Halal business continues to grow both in Turkey and the world, expected to reach $3.7 trillion-worth by 2019, according to the Thomson Reuters foundation.
The industry, which includes travel, food, finance and fashion, has a nearly-two-billion-strong consumer base among the world's Muslims.
The term "halal" applies to companies actively seeking to reach a Muslim population with products that fall within the bounds of Islam's lifestyle guidelines.
In Turkey, the sector has taken off in recent years, boosted by support from the government. Turkey's Economy Minister Nihat Zeybekci announced earlier this week the opening of Turkey's first halal accreditation agency, to service the many industries seeking product approval.
Several of Turkey's halal clothing companies have found worldwide success, with entrepreneur Kerem Türe's online company Modanisa one such example.
Türe started his company in 2011, with the aim of providing Muslim women a wider range of clothing options in line with the Islamic dress code.
"Just because they [Muslim women] wanted to cover a little more, the world ignored them and they had to suffer with the same old boring clothes. We thought it was unfair," explained Türe, during a TEDx talk in Bulgaria.
The company's first clothing manufacturer was skeptical about the market interest for modest garments and demanded upfront payment for orders.

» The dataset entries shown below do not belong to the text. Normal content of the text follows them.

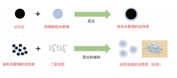 活性炭通常用作出色的多功能吸附劑。活性炭的多孔表面可通過將極薄的化合物層粘附到較大的碳表面積上來使各種化學物質失活。它們通常用于吸附去除飲用水和工業用水中的顏色,氣味,味道和不良有機和無機污染物。此外,活性炭常用于許多化學,食品和其他物質的純化。因此,基于我們的發現,活性炭對各種產生體味的化合物表現出高吸附能力,改性后更強。將平均直徑為9.4或40.5μm的活性炭粉與丙烯酸銨共聚物溶液在超純水中完全混合。將平均直徑為0.25μm的二氧化鈦粉末以5-20g的不同濃度添加到混合物中,以制造相應的改性活性炭。在115℃下將樣品干燥2小時后,使用破碎機通過均勻研磨獲得除異味活性炭(圖1)。并且比較了活性炭與除異味活性炭中所含活性炭的吸附能力。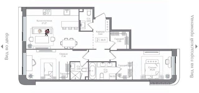 - Кухня с продуманной эргономикой: встроенная мойка и диспенсер. Встроенная техника Siemens/Bosch, включая духовку с функцией пара, посудомоечную машину, встраиваемую микроволновку ,встроенную стиральную машину с сушкой 8 кг.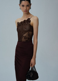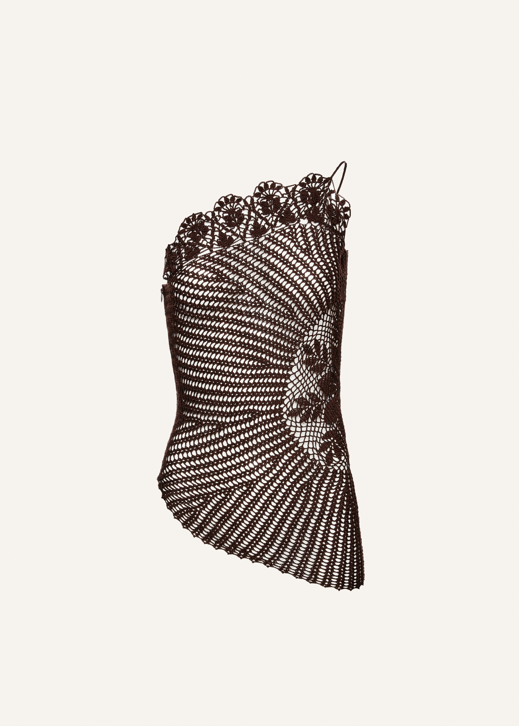Lace crochet one shoulder top in brown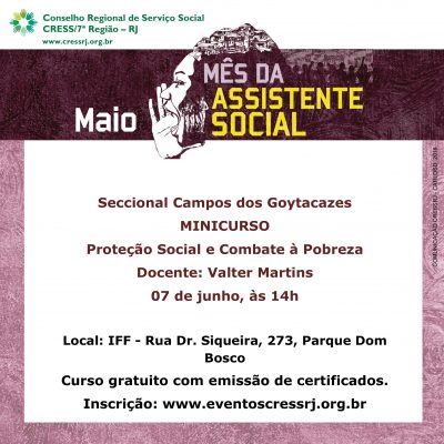 Seccional Volta Redonda – Minicurso: Serviço Social e Educação. Docente: Carlos Felipe Nunes Moreira. Dia 13/06, às 17h. Local: Rua General Oswaldo Pinto da Veiga, 350 – 1001/1003 – Shopping Pontual, Vila Santa Cecília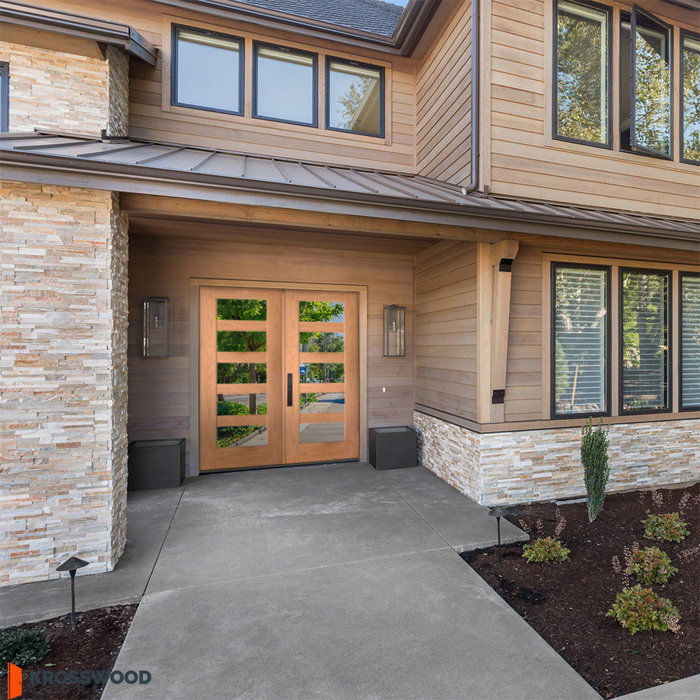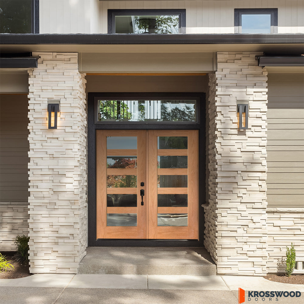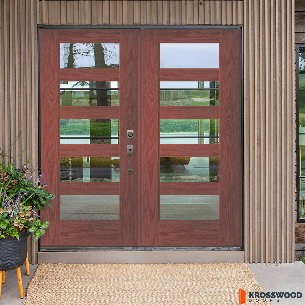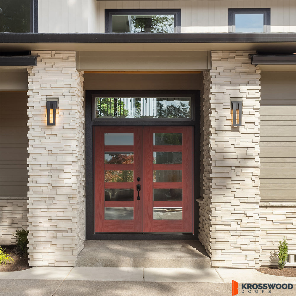 With the ASCEND Modern Fiberglass 5 Lite Clear Glass Wood-Like Front Double Door from Krosswood Doors, you're not just investing in a door – you’re investing in a statement piece that offers the long-lasting security your family deserves. Designed to complement a variety of architectural styles, this contemporary fiberglass exterior door features a mahogany wood textured surface that feels like real wood without the maintenance. Ten clear glass windows, composite fiberglass surface, and a high-density insulating foam interior ensure your door is at the forefront of contemporary design. Find the perfect exterior door for you with our versatile stain options – expertly applied in the United States – as well as glass, layout, and sidelight options.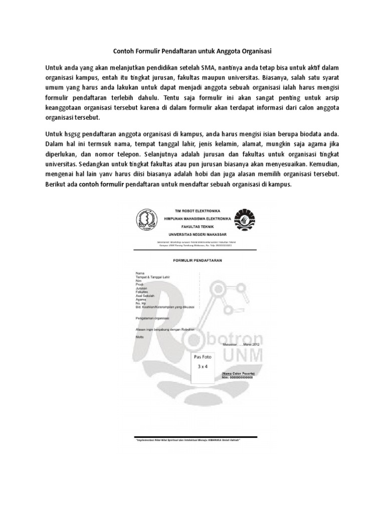 Contoh Formulir Pendaftaran Anggota Baru Organisasi Info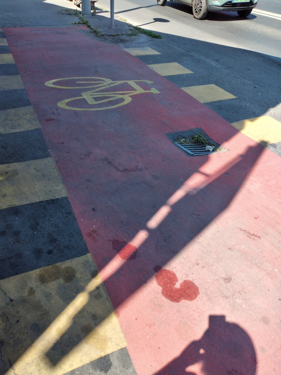 A nemrégiben pirossal felülfestett kerékpárút szakaszon belül a vízelvezető csatornafedél felemelése, szintbe hozása nem történt meg. Bejelentésemmel vártam több, mint egy hónapot, hátha a veszélyes lyuk rendbetétele a két érintett cég együttműködésében megtörténik. Sajnos nem, ezért kérem a csatornarács szintbe és vízszintbe emelését, hogy kerékpárral akadálytalanul át lehessen haladni rajta. Köszönöm.

However, the long-sleeved tunics found a ready market, and Türe's company was soon back for more orders.
Today, Modanisa sells to customers in 120 countries, with 100 million shoppers visiting the company website each year.
"Modanisa now has 300 suppliers and 30 designers, it's become a platform for hundreds of suppliers from all over the world who want to sell products on our site," a Modanisa representative told Al Jazeera.
The interest in halal industry has now expanded to western countries, even those with relatively small Muslim populations.
The U.K in 2013 became the first non-Muslim country to issue an Islamic law-compliant government bond, with former Prime Minister David Cameron stating London would become "one of the great capitals of Islamic finance."
Brazil, a country with a very small Muslim population, has become the world's largest halal beef exporter, earning nearly $6 million in 2015.
Major brands have also picked up the trend, as companies from Subway to H&M cater toward Muslim communities at their stores around the world.
Turkey serves to benefit from the expansion in multiple regards: halal business markets grow, consumers enjoy an increasing range of products, and Turkey itself welcomes growing numbers of Muslim tourists from around the world.